You just have to find the best rod for YOU. You want it to be balanced with the reel you use (not tip or butt heavy), flex just right to cast the lures you use as far as you want it to cast, and have the stiffness (flex) that you like when playing a fish. The balanced part is pretty "fixed", but the other two options are just personal preferences. 
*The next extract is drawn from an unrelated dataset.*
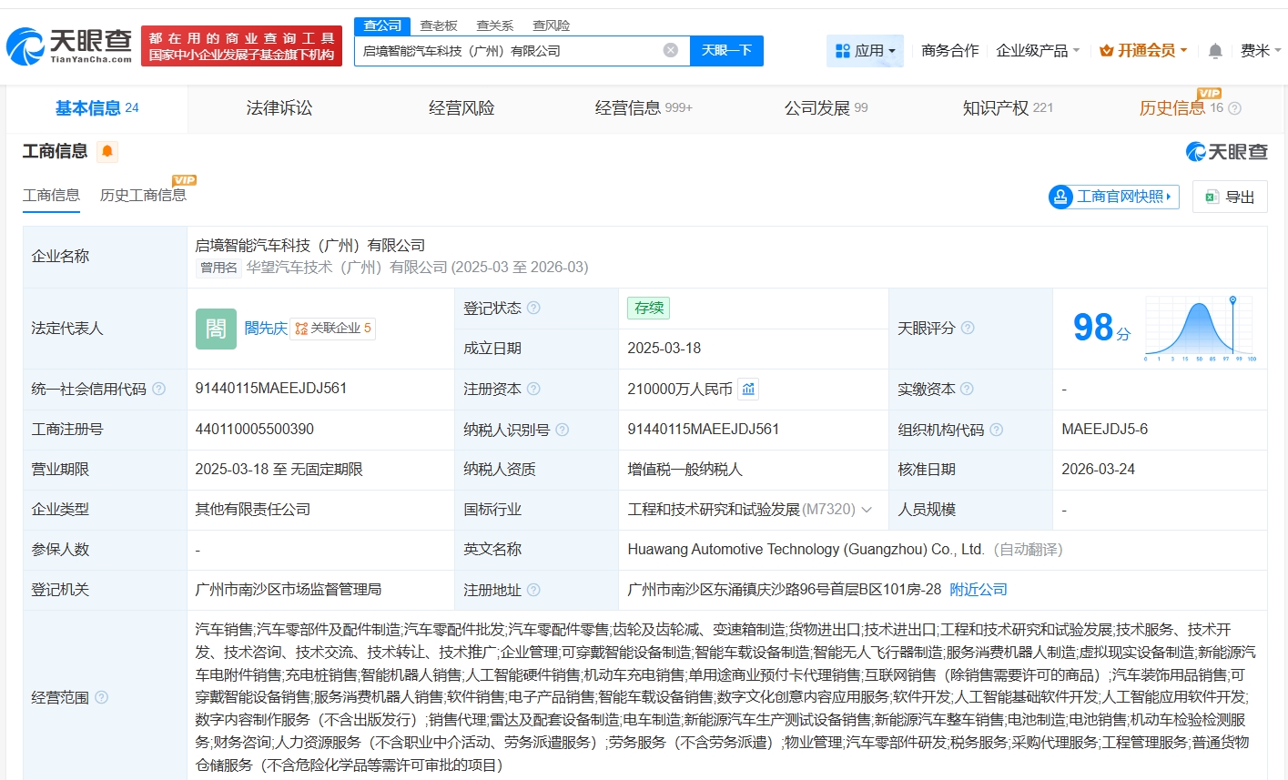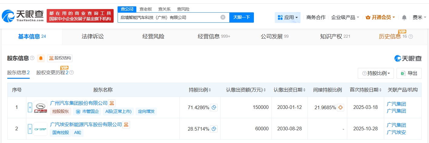 该公司成立于2025年3月,法定代表人为閤先庆,注册资本21亿人民币,经营范围包括汽车销售、汽车零部件及配件制造、汽车零配件批发等,由广州汽车集团股份有限公司、广汽埃安新能源汽车股份有限公司共同持股。

If you pick a long rod, just be aware of ceiling fans and tail gates!! LOL

Good Luck
Later
R3F


----------



## BigFishinTank (May 30, 2015)

I'm really enjoying the thread. I've learned more in the last couple of months on this site than I have in years of people taking me fishing and saying throw here and do this with the rod and reel. Thanks and keep it coming.
:texasflag


----------



## Pods (Jan 11, 2006)

Power is a blank's stiffness, Action is where the initial flex is.

Pods


----------



## Smackdaddy53 (Nov 4, 2011)

Pods said:


> Power is a blank's stiffness, Action is where the initial flex is.
> 
> Pods


I love it. The KISS principle.


----------



## BigFishinTank (May 30, 2015)

Right on Smack!
:texasflag


----------



## CroakerJO (Mar 16, 2011)

*Action, Power, Speed*

Manufacturers try to tell you as much as possible about the rod or blank using these three basic descriptive terms. To measure these features many use a technique similar to one designed for fly rods some years ago called the Common Cents System.

In a nutshell, approximately 8-inches of the butt is racked in a level horizontal fixture and weight is added to the tip until the blank is bent 1/3 of it length (this is done by adding pennies to a bag a few at a time until the tip drops the calculated amount - hence the "cents" system). The total amount of weight in cents is representative of the POWER of the rod since it takes more weight to bend a stronger rod to 1/3 of its length.

While under this exact load, a protractor attached to a level is placed behind the bent tip and the ANGLE of the tip is measured in degrees. If this measurement is high...like 68-degrees - the blank is considered "extra fast". If it is low, like 60-degrees, the blank is considered "moderate". POWER and ACTION are completely independent.

Powerful rods can have very fast tips and noodley rods can have very slow tips. They are not related but together can tell you a LOT about the blank.

SPEED is more difficult to measure and in most cases is a subjective judgement rather than measured information provided by the manufacturer. Today there are so many higher modulus carbon fiber blanks around that most have great "speed". A better term from the standpoint of picking a blank might be "recovery".

Recovery describes how fast a blank stops moving after it is bent. If a blank "wobbles" after a cast is made it would be said to recover slowly. If it snaps back to its original straight axis quickly - it has a fast recovery (Carbon fiber provides very fast recovery and high modulus carbon fiber is off the charts - almost no "wobble" at all). The most important thing to remember in all of this is not to confuse action with power, they are two different animals.


----------



## BigFishinTank (May 30, 2015)

*Putting it together*

Ok. first of all the info is awesome. Now I want to make sure I understand how it translates, in particular to the fish I'm catching. I am thinking that for a "so0fter" mouth fish, trout, a "lighter" weight rod with a "slower recovery" would be best? I say that thinking that will keep from pulling through it's mouth. Then a red fish on the other hand would be able to take a "heavier" weight rod and a "faster recovery" because their mouth is stronger and takes a little more to set the hook. Is my conclusion correct, or does it become a non-issue when you become experienced enough to not rip a hole in a trout's face?
:texasflag


----------



## cfulbright (Jun 24, 2009)

Med lite-fast for tails, or med-mod/mod fast for corkys, popping corks for trout.

You got to watch out different companys have different takes on the speed they get mod and fast mixed up a little imo. Like Batson there ratings compared to others are a little on the soft side. Also the CRB mudhole brand, their fast are a mod-fast at best.


----------